Recently we discussed Quantitative Coin Grading's digital microscope for coin grading. An ad in the June 2026 Numismatist alerted me to another company using computer vision to identify, grade and price coins and other collectibles - Vardera. An article about coins from their blog is republished here with permission. Vardera positions their system as a high-end tool for third-party grading companies, auction companies and marketplaces.
-Editor
How AI Measures strike, luster, and surfaces.
Professional graders agree on a coin's grade only 85-90% of the time within one point. That is not a flaw in your team. It is the inherent ceiling of human visual assessment applied to a 70-point scale where a single grade difference can mean thousands of dollars. Now multiply that challenge by submission volumes that grow faster than you can hire, and the math becomes unavoidable: AI coin condition assessment is not a threat to your standards. It is the only way to maintain them.
This guide breaks down exactly how AI evaluates the same four factors your graders evaluate: strike quality, luster, surface preservation, and eye appeal. You will see the specific techniques, the accuracy data, and how production-grade systems differ from the consumer apps making headlines.
Why Grading Bodies Need Scalable Coin Condition Analysis at Scale
Your graders are good. The problem is arithmetic.
Between them, PCGS and NGC have certified over 112 million coins. PCGS alone has graded 42.5 million coins valued at over $36 billion, while NGC has certified more than 70 million. The coin grading services market reached $935.9 million in 2024 and is growing at 9.3% annually. Yet turnaround times for economy-tier submissions still stretch to 45 business days, and an estimated 90% of viable coins in the United States remain ungraded.
The bottleneck is not demand. It is supply of qualified graders:
-
Training a competent grader takes years of mentorship under senior specialists
-
Each coin requires focused attention across multiple condition factors
-
Processing time per coin compounds across thousands of daily submissions
-
Turnaround times range from 2 to 65 business days depending on service level
These are not problems you can solve by hiring faster. They are structural constraints that require a new approach, one that augments your existing grading expertise with consistent, scalable AI coin condition assessment.
The Four Pillars of Sheldon Scale AI Grading
The Sheldon Scale, the 70-point system developed in 1948, evaluates every coin across four core factors: strike, luster, surfaces, and eye appeal. Any credible AI grading system must analyze these same factors. Anything less, and you are not grading; you are guessing.
Here is how production-grade AI actually evaluates each one.
Strike Quality Assessment: How AI Measures Detail Definition
Strike quality indicates how well the dies transferred design details to the planchet. A strong strike means every hair strand, feather barb, and letter edge is crisp. A weak strike leaves devices flat or indistinct, particularly on high-relief areas.
AI measures strike quality through a technique called edge detection. Specifically, Sobel edge detection operators quantify the sharpness of transitions between raised devices and flat fields. The system computes continuous gradient values that measure how abruptly brightness changes at device edges, providing a numerical proxy for what your graders assess visually.

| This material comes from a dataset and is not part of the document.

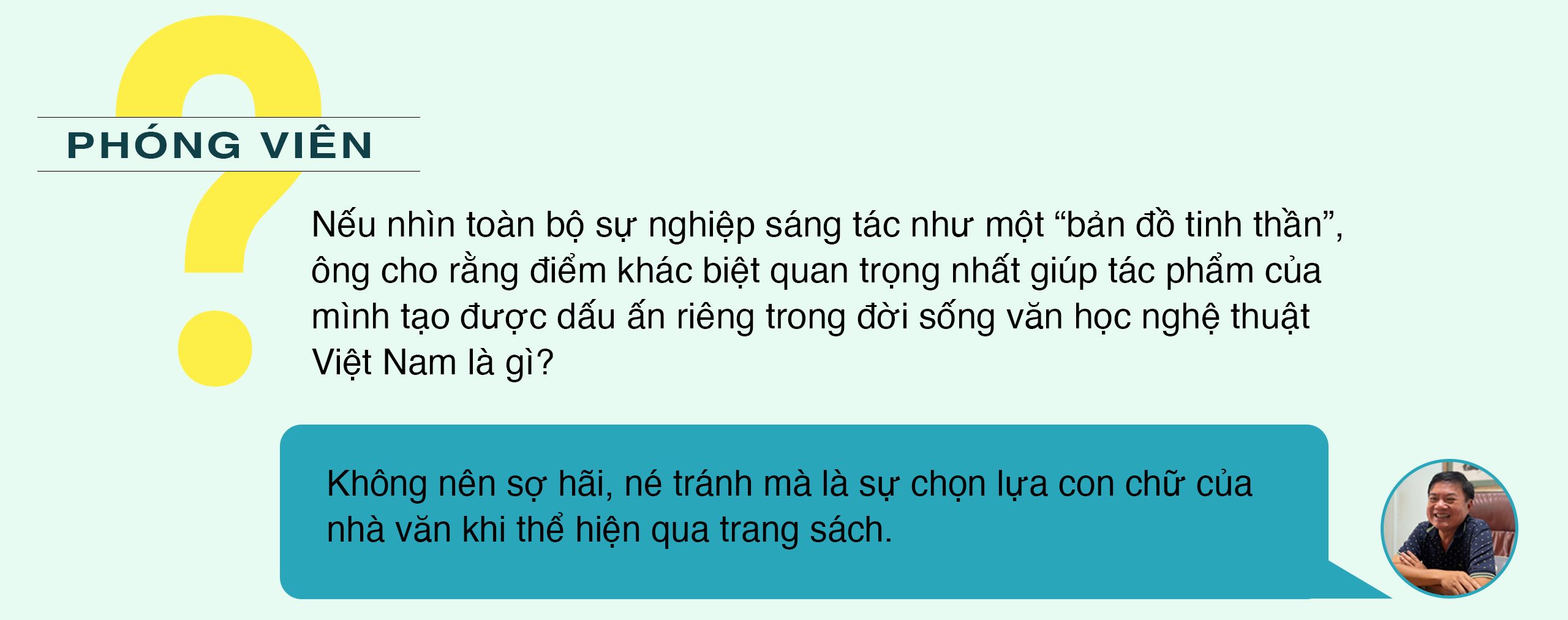 Tôi rất trân trọng và coi trọng tự do trong sáng tác, sự khoáng đạt trong chữ nghĩa. Nhưng tự do không có nghĩa là viết trong trạng thái “không hướng đến đâu cả”. Sáng tác cần xuất phát từ tấm lòng chân thành, nhưng đồng thời phải trả lời được câu hỏi: viết cho ai, hướng tới ai.

More advanced systems use wedge-based spatial analysis, dividing the coin into angular sections (typically eight per side) and evaluating strike sharpness independently across each zone. This matters because strike quality often varies across a single coin: the center may show a full strike while peripheral details remain soft. By analyzing each wedge separately, AI captures the same positional nuances your graders notice when they rotate a coin under magnification.
The AI then compares these measurements against reference images of known full-strike examples for the same type and date. The delta between the submission and the reference produces a strike quality score calibrated to the Sheldon scale.
Coin Luster Analysis: Quantifying How Light Interacts with Surfaces
Luster is the first feature to deteriorate as a coin circulates. Original mint luster creates that distinctive cartwheel effect, a pattern of light reflection caused by flow lines in the metal from the striking process. Your graders tilt coins under focused light to evaluate this. AI does something analogous, but with mathematical precision.
HSV color space clustering separates hue, saturation, and value (brightness) components of each pixel in the coin image. For gold coins, researchers have identified five distinct color categories through this clustering, each corresponding to different levels of luster preservation. Perceptually-weighted brightness computation then models how the human eye perceives reflectivity across the coin's surface.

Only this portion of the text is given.